Acanthamoeba Endophthalmitis And Scleritis In A Refractory Infectious Keratitis
Published 2023 - 41st Congress of the ESCRS
Reference: PO0644 | DOI: 10.82333/8r2b-k581
Authors: Ana Rita Teixeira Marinho Martins* 1 , Pedro Marques-Couto 1 , Inês Coelho-Costa 1 , Margarida Ribeiro 1 , Raul Moreira 1 , Pedro Neves-Cardoso 1 , Luís Torrão 1 , Ana Maria Cunha 1 , Manuel Falcão 1 , Fernando Falcão-Reis 1 , João Pinheiro-Costa 1
1Ophthalmology,Centro Hospitalar São João,Porto,Portugal
Acanthamoeba keratitis (AK) is a chronic and predominantly contact lens-related corneal infection caused by the ubiquitous Acanthamoeba amoeba. Diagnosis of the infection presents challenges in a clinical setting, and treatment is frequently refractory. Although uncommon, intraocular penetration can ensue, culminating in fatal consequences as a result of the potential dissemination of the pathogen to the central nervous system.

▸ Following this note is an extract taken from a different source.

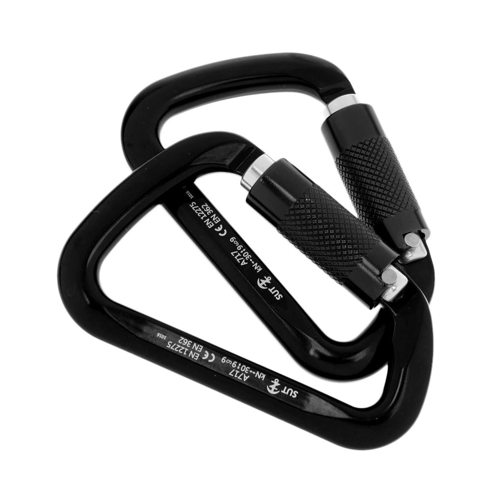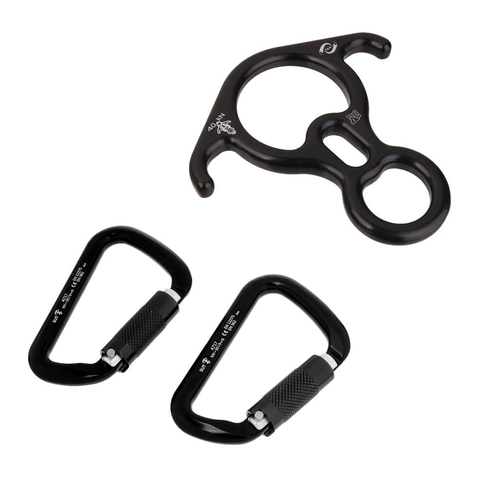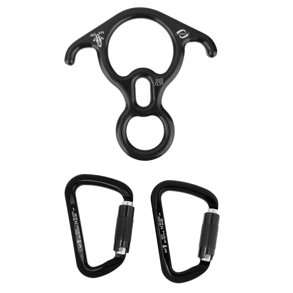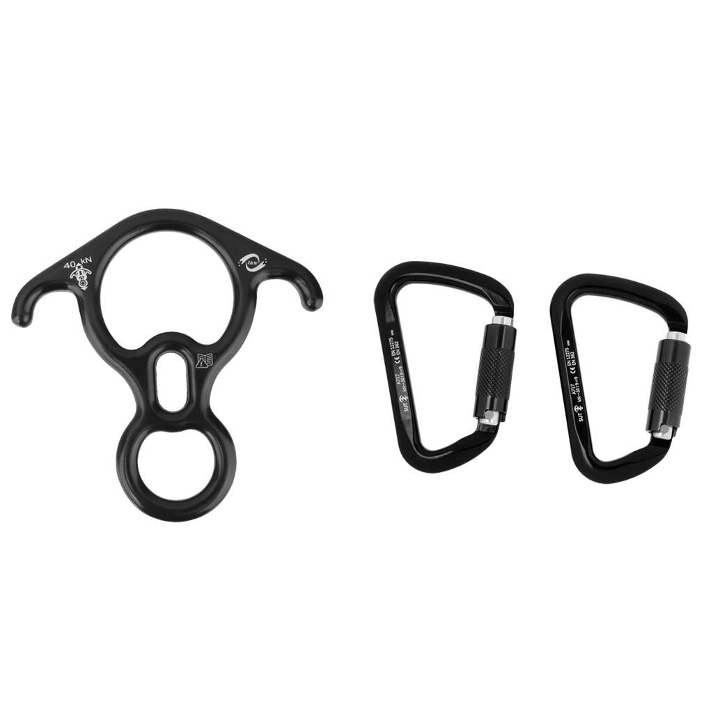 1 Set of 1 Pair 30KN D Ring Auto Locking Climbing Carabiner + 40KN Figure 8 Descender.

A patient with refractory AK treated in Cornea Department in Centro Hospitalar Universitário do São João, Porto, Portugal.
A healthy 23 year-old-woman presented to our department with complaints of redness and pain in her right eye (OD) that had been present for 8 days. She used soft daily contact lenses. In biomicroscopy, an epithelial ring was observed in a pseudodendritic pattern with no underlying stromal involvement. We collected cornea swabs for mycobacteriology cultures, as well as for polymerase chain reaction (PCR) Acanthamoeba, which confirmed the diagnosis of AK. The patient began treatment with topical chlorhexidine and propamidine 6 times daily. After 13 months of intensive medical therapy, the AK worsened, resulting in a loss of cornea transparency.

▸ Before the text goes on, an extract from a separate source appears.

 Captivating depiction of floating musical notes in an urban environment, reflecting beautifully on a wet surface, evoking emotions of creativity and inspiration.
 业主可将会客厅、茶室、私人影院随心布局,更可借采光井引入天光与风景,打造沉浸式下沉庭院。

A reinforcement of chlorhexidine and propamidine (each hour) was initiated and she was submitted to her first penetrating keratoplasty (PK).The condition persisted and frequent flares were observed over the next 12 months. The patient underwent four more PK, a facectomy and began rescue oral treatment with 50 mg miltefosine twice a day. Despite these measures, progression to scleritis and endophthalmitis occurred. A vitrectomy pars plana was performed and vitreous samples were collected. The presence of Acanthamoeba in vitreous was confirmed by PCR. Due to concerns about extraocular spread, she underwent evisceration of the OD. Currently there is no radiological evidence of central nervous system infectious dissemination.

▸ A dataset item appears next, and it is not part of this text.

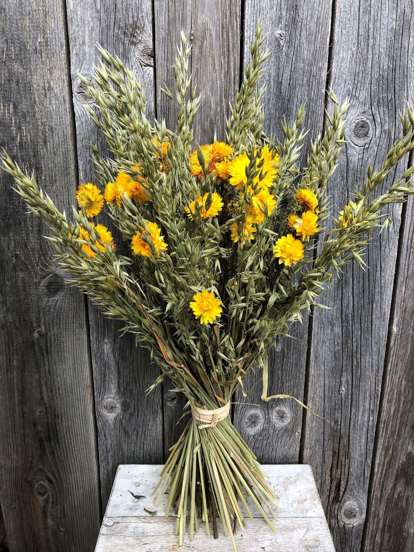 Fleurs séchées - la nouvelle tendance en matière d'intérieur ; Bouquet nature Bouquet de fleurs séchées avec des fleurs de paille jaunes Ø env.20cm, L env.50cm

In our case, despite optimized medical therapy and multiple penetrating keratoplasties, the patient's AK worsened and progressed to scleritis and endophthalmitis, resulting in the need for evisceration of the affected eye. This case mirrors the challenge in managing this pathology as well as the breadth of infrequent and highly dangerous presentations that demand vigilant awareness from ophthalmologists.